First a Girl is a 1935 British comedy film directed by Victor Saville and starring Jessie Matthews. First a Girl was adapted from the 1933 German film Viktor und Viktoria written and directed by Reinhold Schünzel. It was remade as the 1982 American musical comedy Victor Victoria starring Julie Andrews.

Plot
Fashion designer Madame Seraphina stages an elaborate catwalk show for a specially invited audience, including Princess Miranoff. Watching the fashion parade are the designer's shop girls, including Elizabeth (Jessie Matthews), who dances for the amusement of her colleagues and impersonates the Princess. Madame Seraphina asks Elizabeth to deliver some purchases to Princess Miranoff but she is distracted on the way by a theatrical audition. Despite borrowing Princess Miranoff's glamorous clothes, she does not get a part. It is pouring with rain as she leaves the theatre and her borrowed clothes get drenched. Going into a café to dry off she finds herself sitting opposite an actor called Victor, (Sonnie Hale) whom she met earlier at the audition. He confides in her that although he performs in drag as music hall act 'Victoria', he dreams of being a Shakespearean actor. Elizabeth begins to cry when she realises that she will probably lose her job after failing to deliver Princess Miranoff's purchases. Victor takes her back to his boarding house and she irons the dress to make it look as if it hasn't been worn. Victor receives a letter asking him to perform his drag act but he has lost his voice due to being caught in the rain. As Elizabeth consoles him she realises that she has forgotten the iron - it has burned a hole in Princess Miranoff's dress. Elizabeth begins to laugh at their misfortune and Victor has a brainwave: Elizabeth could stand in for him and pose as a female impersonator.

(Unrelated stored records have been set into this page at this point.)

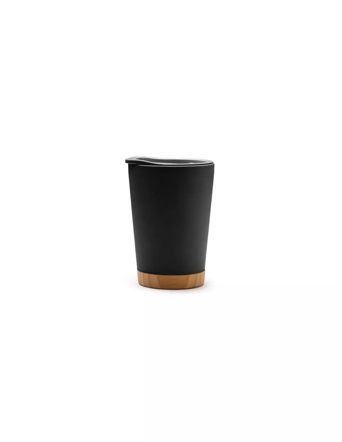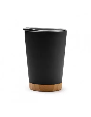 Vaso con cuerpo de PP reciclado de doble pared y base de bambú. Incluye tapa dosificadora. Capacidad de 290 ml.
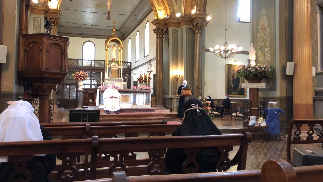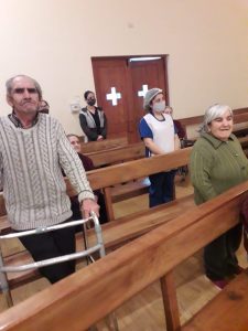 Durante la Misa, se realizó un sentido homenaje a todos aquellos residentes que en este tiempo de crisis sanitaria han partido a la Casa de Padre, ubicando sus fotografías en los asientos del templo «Aquí se vive y se muere en compañía, no en soledad; en los buenos cuidados no en el abandono; en la presencia del Señor, en la confianza del Señor que ha resucitado, y nos lleva a la Casa Paterna», afirmó el Padre Andrés.También se destacó la presencia remota de diversos Hogares, a través de las lecturas, ofrendas y peticiones. Especial participación tuvo el coro de funcionarias del Hogar Padre Pío, en Valdivia, que emocionó profundamente con sus interpretaciones, a todos quienes seguían la ceremonia en directo.
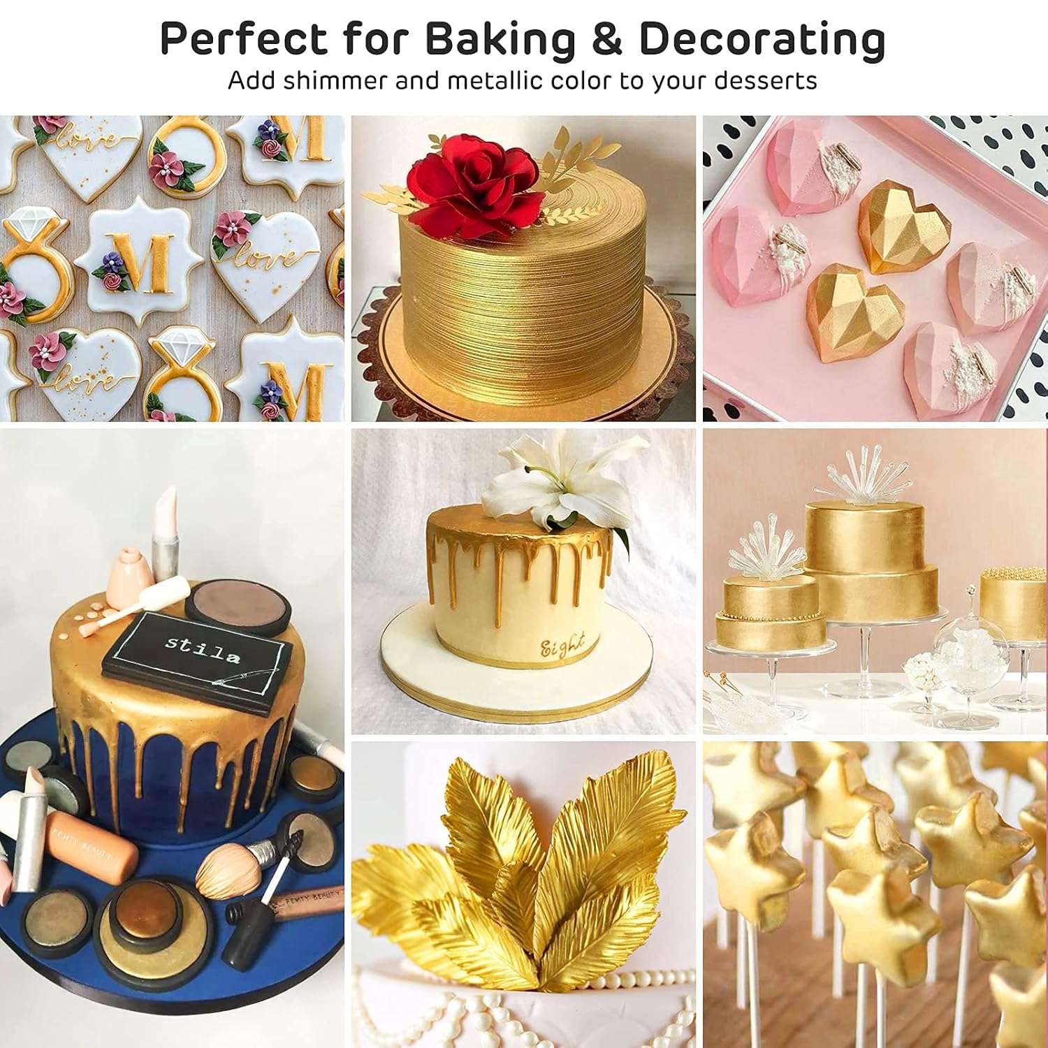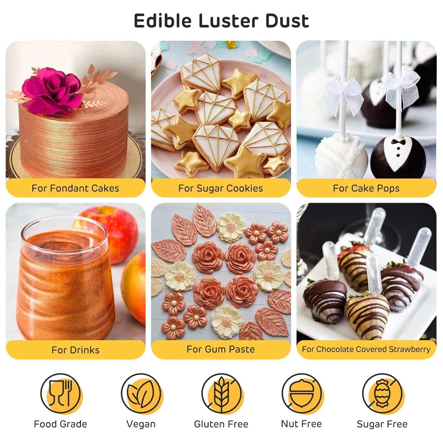 - WIDELY USED FOR BAKING -- The luster dusts is ideal for decorating fondant, gumpaste, royal icing cookies, buttercream, chocolate, candy apple, macaroons, cakes and so on; You can also create shimmery cocktails, champagne or any drink by adding a little edible luster to your beverage, have some fun
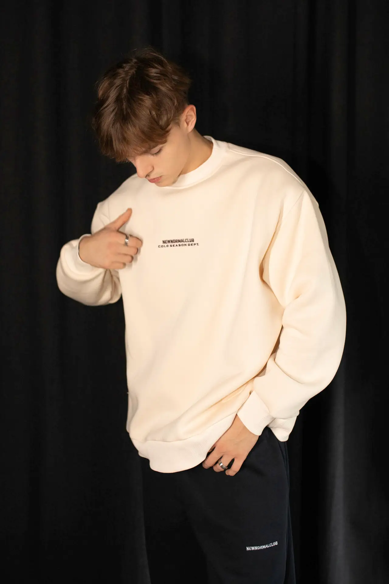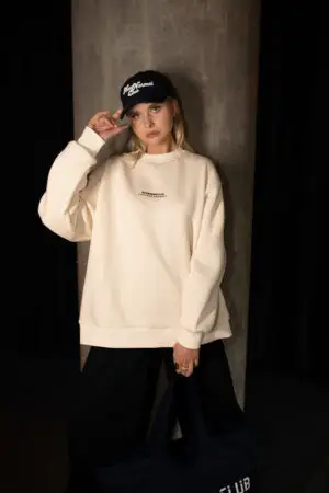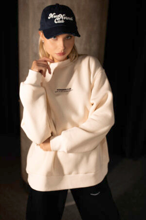 Priekyje – subtilus, siuvinėtas „NEW NORMAL CLUB / COLD SEASON DEPT.“ užrašas. Nugara – visiškai švari, kas leidžia kurti minimalistinius, bet išraiškingus įvaizdžius.

Elizabeth's first music hall performance is a great success, despite runaway geese storming the stage and spilt milk causing her to slip over several times. Music hall promoter McLintock comes backstage and offers Elizabeth a contract. Elizabeth begins touring Europe as female impersonator 'Bill' using Victor's stage name 'Victoria'. Princess Miranoff and her fiancé Robert attend one of 'Bill's' performances. Robert makes it clear that he is attracted to the woman on stage and when she takes off her wig to reveal boyishly cropped hair he is shocked and embarrassed. At a nightclub after the show Victor attempts to charm Princess Miranoff with Shakespeare recitations as Robert has a manly chat with 'Bill'. Elizabeth is forced to smoke a cigar and drink large whiskeys as she attempts to maintain the pretence that she is a man. When Princess Miranoff finds a feminine hair comb under a chair she begins to suspect that 'Bill' is indeed a woman. She and Robert invite their new friends to travel with them to the South of France with the intention of tricking 'Bill' into revealing his true gender. The three 'men' are forced to share a room in a guesthouse for a night but Elizabeth manages to maintain her disguise.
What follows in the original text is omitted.